The Wallace interview was fairly mundane. The same assessment cannot be made regarding Romney's interview with Fox’s Bret Baier last November 29th. Baier honed on in several topics that made Romney uncomfortable, including the resemblance between Romney’s Massachusetts healthcare program and Obamacare, his record of flip-flopping, and the fact that New Hampshire’s largest newspaper, the Manchester Union Leader, endorsed Newt Gingrich for president while suggesting that Romney lacked conviction.
Fair questions? Perhaps. But Baier crossed the line in a subsequent appearance on Fox's "O'Reilly Factor" when he revealed the contents of a private, post-interview conversation with Romney. Baier alleged that Romney complained that his questioning had been “overly aggressive” and “uncalled for.” “He was irritated by the interview after we were done,” Baier told O'Reilly. O'Reilly pressed the issue. “How do you know he was irritated? Did he slap you? Or what did he do?” he asked. "Well, he just made it clear at the end of the interview … He said he thought it was overly aggressive,“ said Baier.

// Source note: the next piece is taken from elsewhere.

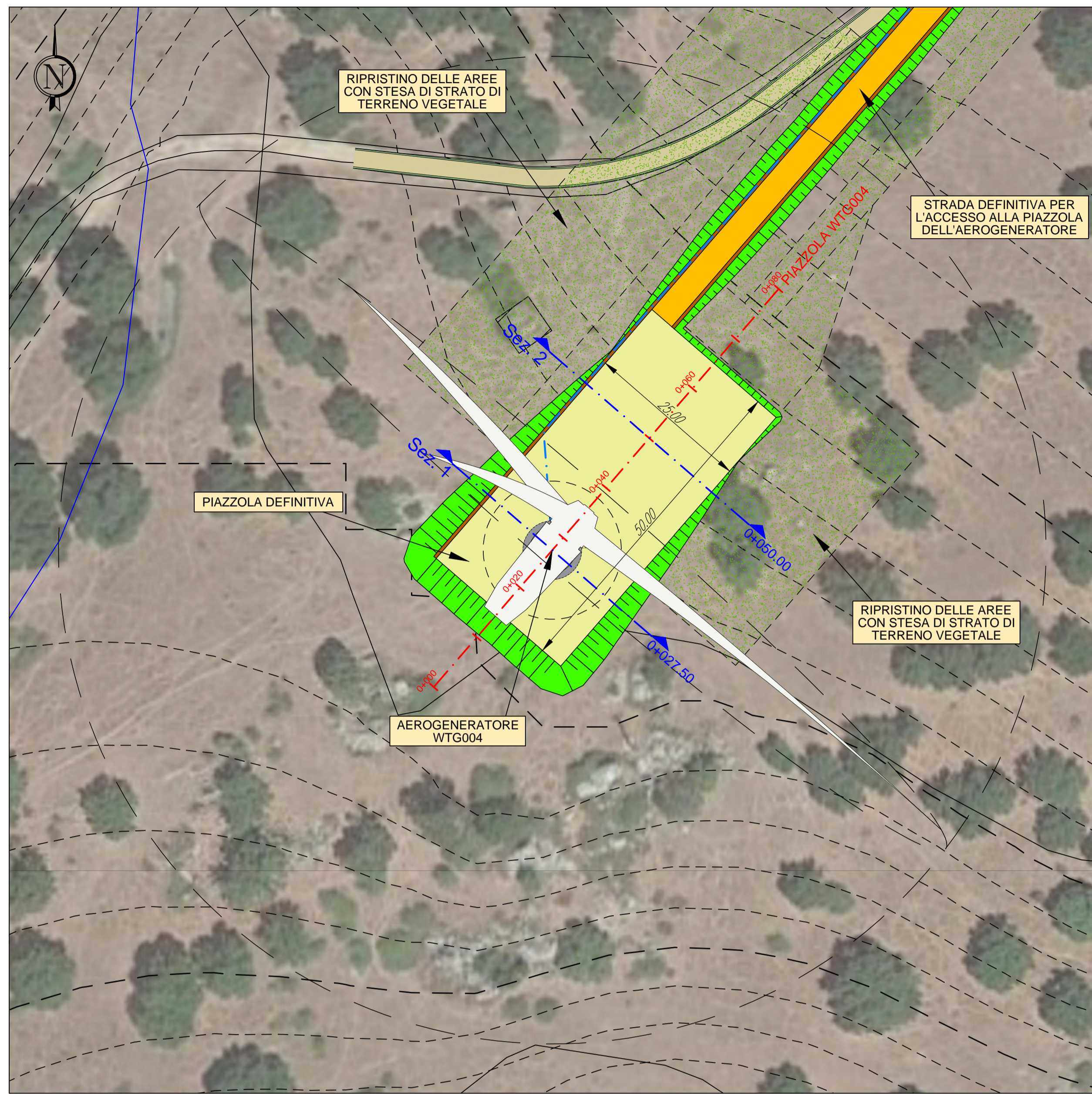
AEROGENERATORE WTG004 PIAZZOLA DEFINITIVA NELLA FASE DI ESERCIZIO Base carta: Ortofoto Google Map e C.T.R. Regione Sardegna Scala 1 : 500

Adding to the anti-Romney intrigue at Fox was an incident best described as bizarre. In a video clip showing a picture of six out of the seven Republican candidates heading into the Iowa caucus, the photo appearing above Mitt Romney’s name was none other than president Barack Obama. Later in the broadcast, host Megyn Kelly apologized for the error. "We put a graphic on the air, that as it turns out, was incorrect,” Kelly explained. She further noted that Obama and Romney are “not the same man, not philosophically, not ideologically, not in any other way, so we apologize for that error.”
So why would Fox News be on the anti-Romney bandwagon? A number of theories are possible, but going right to the top of this list is the reality that, despite the endlessly-promoted leftist claims that Fox is a shill for the Republican party, the CMPA study reveals that this is hardly the case. Fox’s 63 percent negative bias vs. their 37 positive bias with regard to Romney is certainly less damning than the 78 percent negative vs. 22 percent positive bias demonstrated by ABC, NBC and CBS. But Romney was the only Republican presidential candidate to get a majority negative bias from all of the networks. In other words, when it comes to keeping a newscast free of opinion, Fox is merely less irresponsible than the other three news networks. Perhaps a rabid ideologue might consider the terms “less irresponsible” and “prejudicial” interchangeable. Reasonable people? Not so much.
Why is Romney getting more negative coverage than any other Republican? The simplest explanation was offered by CMPA director and George Mason University professor Robert Lichter. "The media love a horse race and hate a frontrunner,“ he contends. That would be all of the media – Fox News included.